| Task goal |
Leaving out the pictures, return each line of the entries from the first through the line with "Labitazione, il giardino", and only those lines.

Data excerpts
# # # # # # #
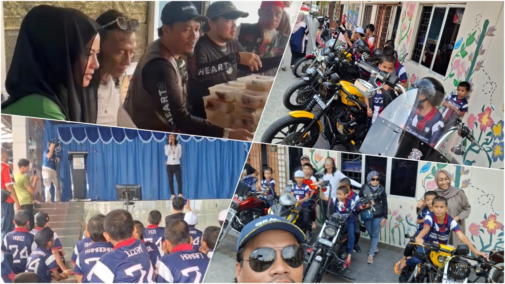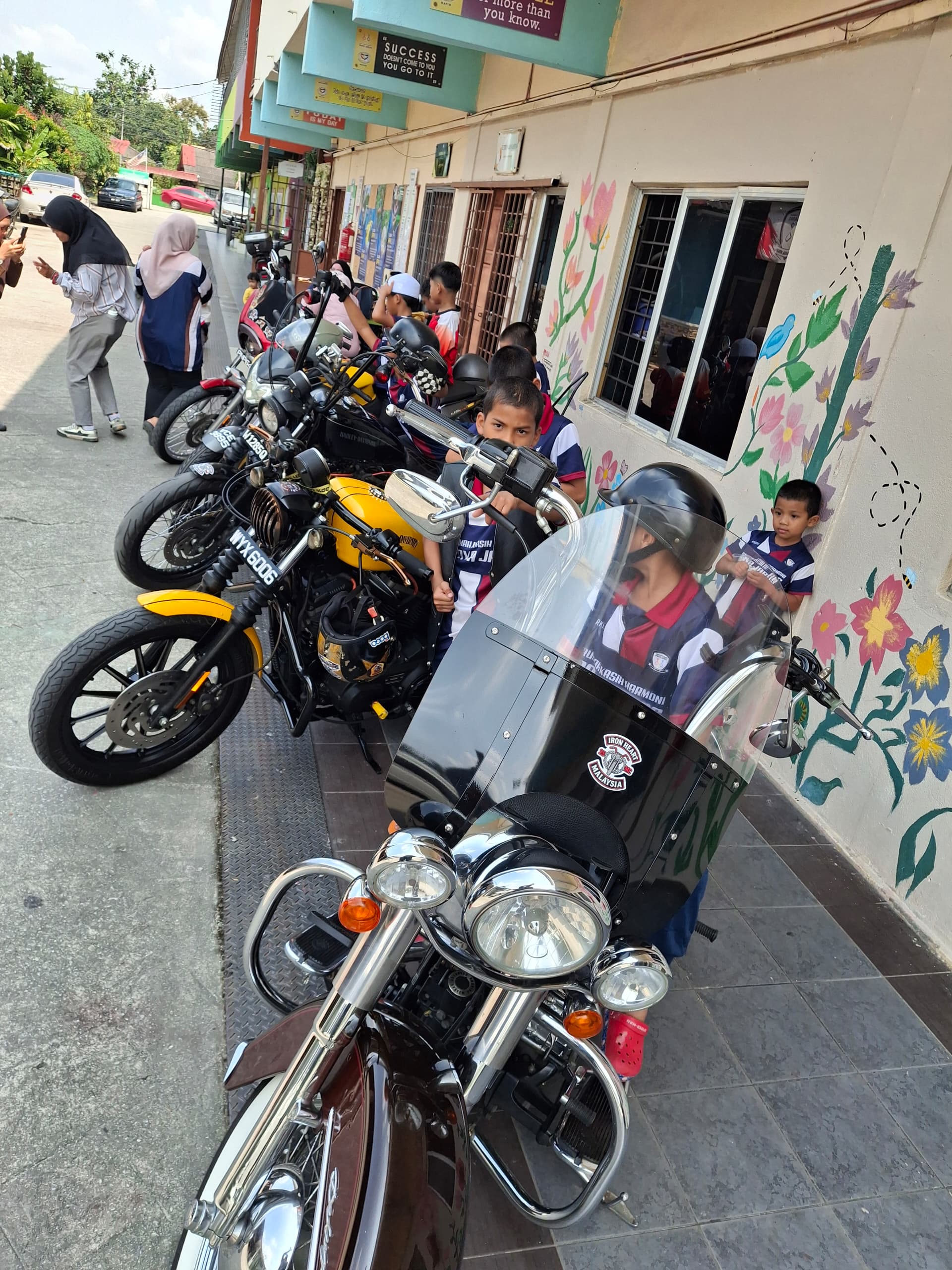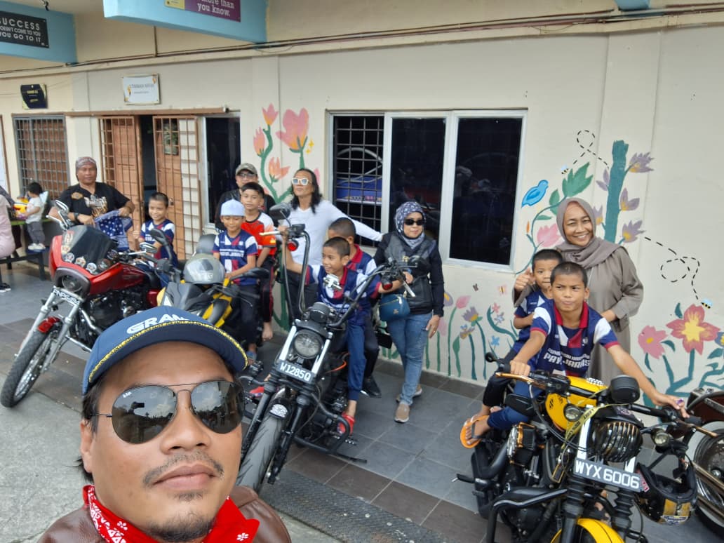 Mikail School Band, Yantzen dan Anita berswafoto bersama anak yatim diberi peluang menaiki motosikal berkuasa tinggi.
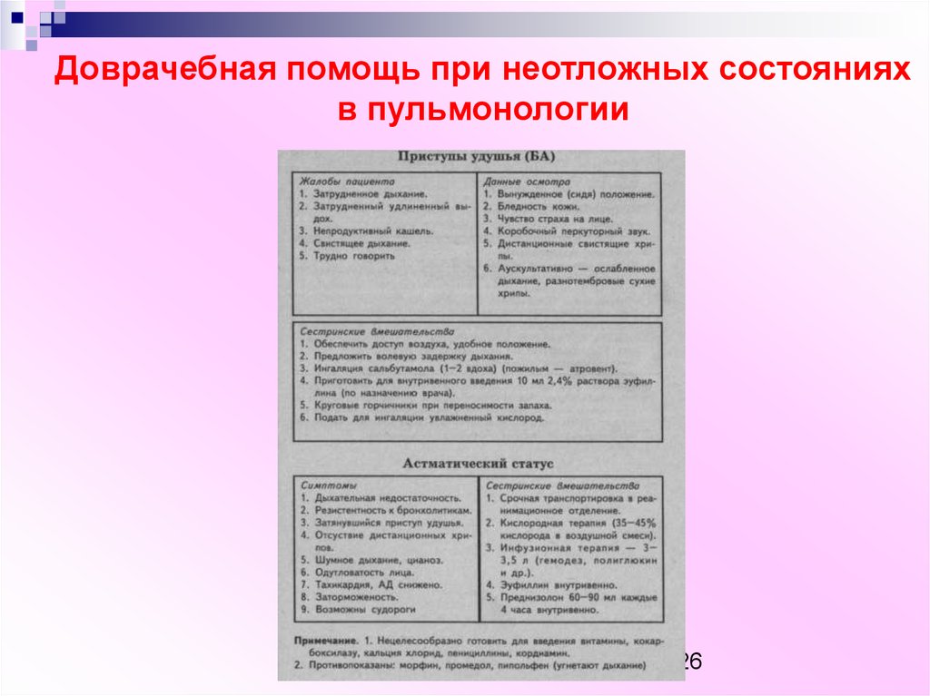 Доврачебная помощь при неотложных состоянияхв пульмонологии
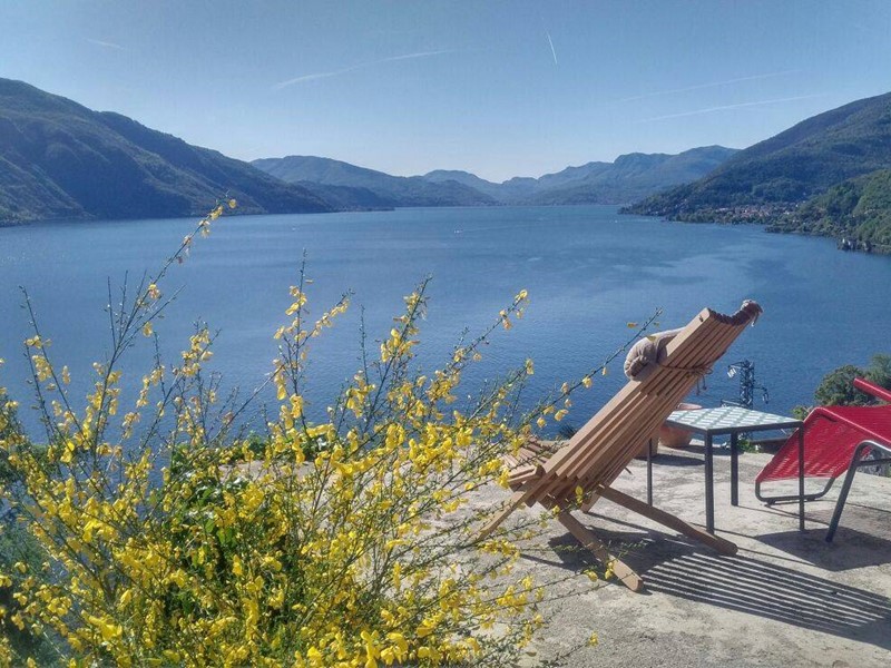 Labitazione, il giardino e la tranquillità del posizione dominante, formano una romantica oasi di pace con una fantastica vista a 180 gradi sul Lago Maggiore, a nord verso Ascona e le Alpi meridionali e a sud verso Cannobio e Luino.
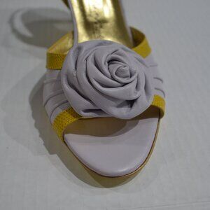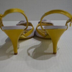 From famous maker Dolce & Gabbana comes this charming slingback in delightful colors of lavender and goldenrod. Made in Italy of 100% Italian leather, it shows off a delicate lavender leather rose at the vamp. The 3 inch heel is covered in goldenrod textured leather, as is the slingback strap and around the vamp and toe line. The insole and entire inside of the shoe is covered in gold, as is the bottom sole. The D & G logo is stamped on the insole and also on the bottom sole. The size is marked Italian 39, which is a size U.S. 9. New and never worn, the right shoe shows odd imprints on the bottom sole. This shoe is in pristine condition and arrives in its original box.
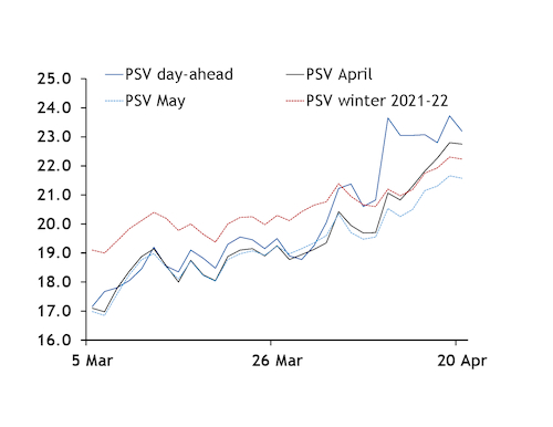 PSV prompt prices held above the winter 2021-22 price on all but one day on 7-20 April, discouraging especially quick injections.
# # # # # # #
| Answer to this problem |
 Mikail School Band, Yantzen dan Anita berswafoto bersama anak yatim diberi peluang menaiki motosikal berkuasa tinggi.
 Доврачебная помощь при неотложных состоянияхв пульмонологии
 Labitazione, il giardino e la tranquillità del posizione dominante, formano una romantica oasi di pace con una fantastica vista a 180 gradi sul Lago Maggiore, a nord verso Ascona e le Alpi meridionali e a sud verso Cannobio e Luino.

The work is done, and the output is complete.